9 The Lord will be king over the whole earth. On that day there will be one Lord, and his name the only name.
10 The whole land, from Geba to Rimmon, south of Jerusalem, will become like the Arabah. But Jerusalem will be raised up high from the Benjamin Gate to the site of the First Gate, to the Corner Gate, and from the Tower of Hananel to the royal winepresses, and will remain in its place. 11 It will be inhabited; never again will it be destroyed. Jerusalem will be secure.
a Zechariah 14:5 Or 5 My mountain valley will be blocked and will extend to Azel. It will be blocked as it was blocked because of the earthquake
20 On that day holy to the Lord will be inscribed on the bells of the horses, and the cooking pots in the Lord’s house will be like the sacred bowls in front of the altar. 21 Every pot in Jerusalem and Judah will be holy to the Lord Almighty, and all who come to sacrifice will take some of the pots and cook in them. And on that day there will no longer be a Canaanite[a] in the house of the Lord Almighty.
a Zechariah 14:21 Or merchant
New International Version (NIV)
Holy Bible, New International Version®, NIV® Copyright ©1973, 1978, 1984, 2011 by Biblica, Inc.® Used by permission. All rights reserved worldwide.
“May God himself, the God of peace, sanctify you through and through. May your whole spirit, soul and body be kept blameless at the coming of our Lord Jesus Christ.” (1 Thessalonians 5:23)
In the Old Testament, “that day” signifies when God steps in to punish those who oppose his purposes. This may happen within history (Isaiah 13:9–22). Such events foreshadow a final day of reckoning and deliverance. Zechariah’s apocalyptic passage, chapter 14, uses symbolic imagery. Being symbolic, its message is not literal, but lies in the theological truth it portrays. The message of verses 1–5 is that God’s people will often suffer at the hands of those who oppose God’s rule but that, at a time God chooses, he will destroy the evil forces in the world and deliver his people. This is an encouraging message for us in times of trouble. We find ourselves ultimately on the winning side, “more than conquerors through him who loved us” (Romans 8:37).
God’s final victory will lead to a transformed world order (6–9). The image of the divided Mount of Olives allowing water from Jerusalem to flow to the Dead Sea and the Mediterranean symbolizes God’s life-giving blessing spreading into the whole world. Jesus envisioned this beginning with the Spirit flowing out from those who believed in him and whom he sent out to be disciples to the nations (John 7:38; Matthew 28:19, 20).
In ancient Near-Eastern thought, the gods ruled from a high mountain in the far north.
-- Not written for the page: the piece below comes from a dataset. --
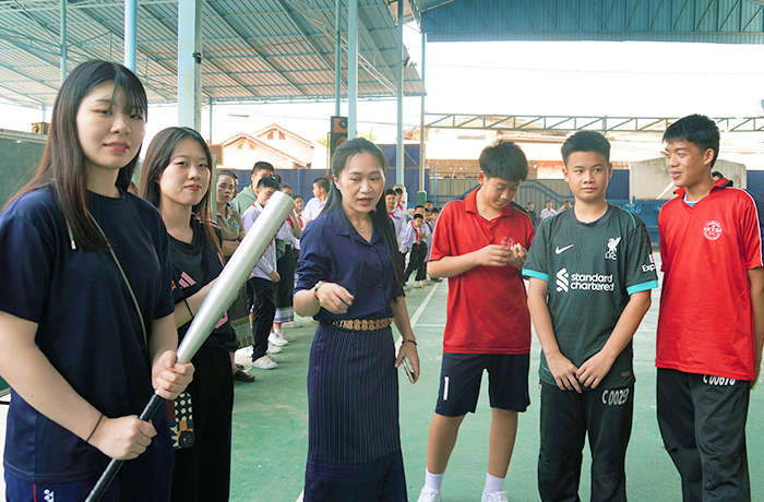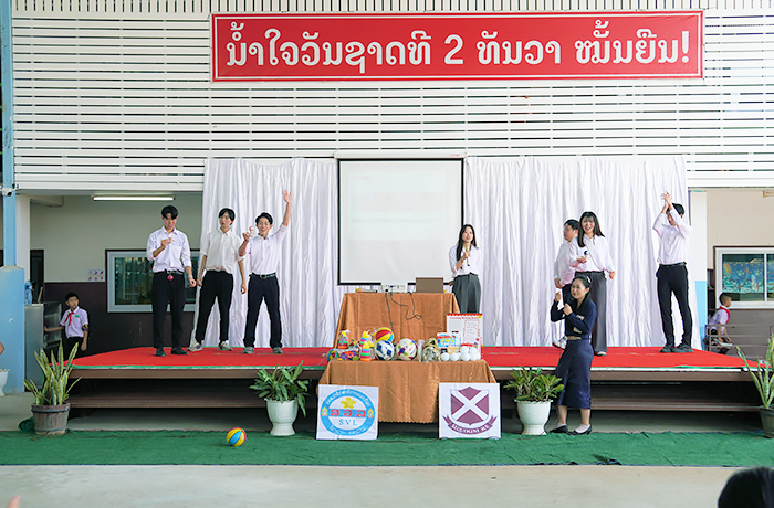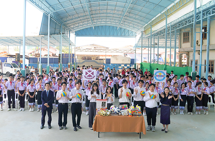 授業のほかに、中学校全生徒224名を対象に、私たちの訪問趣旨を説明したり、桃山学院大学や日ラオス関係、日本の伝統文化について紹介するプレゼンテーションをナム先生の通訳のもと行いました。「現地では小・中学校と大学で計2回、プレゼンテーションを実施しましたが、国内での事前準備から本番まで、内容を何度も練り直し改善を重ねました。中学生対象のプレゼンでは、前日のリハーサルで楽しい要素をより増やすべきだという話になり、けん玉やあやとりの実演・紹介、寸劇を交えた日本語のことわざ解説等を盛り込みました。修正は前夜の午前3時までかかり大変でしたが、今となってはよい思い出です。」 (西岡さん)と、小中学生に関心を持ってもらえる内容を追求しました。その結果、「けん玉を披露する場面は特に盛り上がりました。実際に挑戦してもらいましたが短時間でコツを掴み、かなりうまくなる子もいました」(辻本さん)と振り返ります。ほかに企画したスポーツ交流会では、現地でなじみの薄い野球教室を実施したり、フットサルの親善試合も行ったりしました。サッカーは特に人気のスポーツで、「フットサルは、めちゃくちゃ強かったです」(辻本さん)と楽しいひと時を過ごしました。

The psalmist uses this imagery of Jerusalem (Psalm 48:2, NRSV) – which in reality is lower than the Mount of Olives and not in the north. On that day, however, all will recognize that the God worshipped there is the one true God and King (9–11). When God has accomplished his salvation and subsequent judgment, the holiness which was originally symbolized by the high priest (Exodus 28:36) will characterize all God’s people (20,21) because of the once-for-all sacrifice made by Jesus, the true high priest who gave himself as the sin-offering for the world (Hebrews 7:27).
Think of the coming of the Day of the Lord. Are you prepared?
Lord, help me to drink deeply of the water You offer so that something of Your blessing will flow out into the world from me.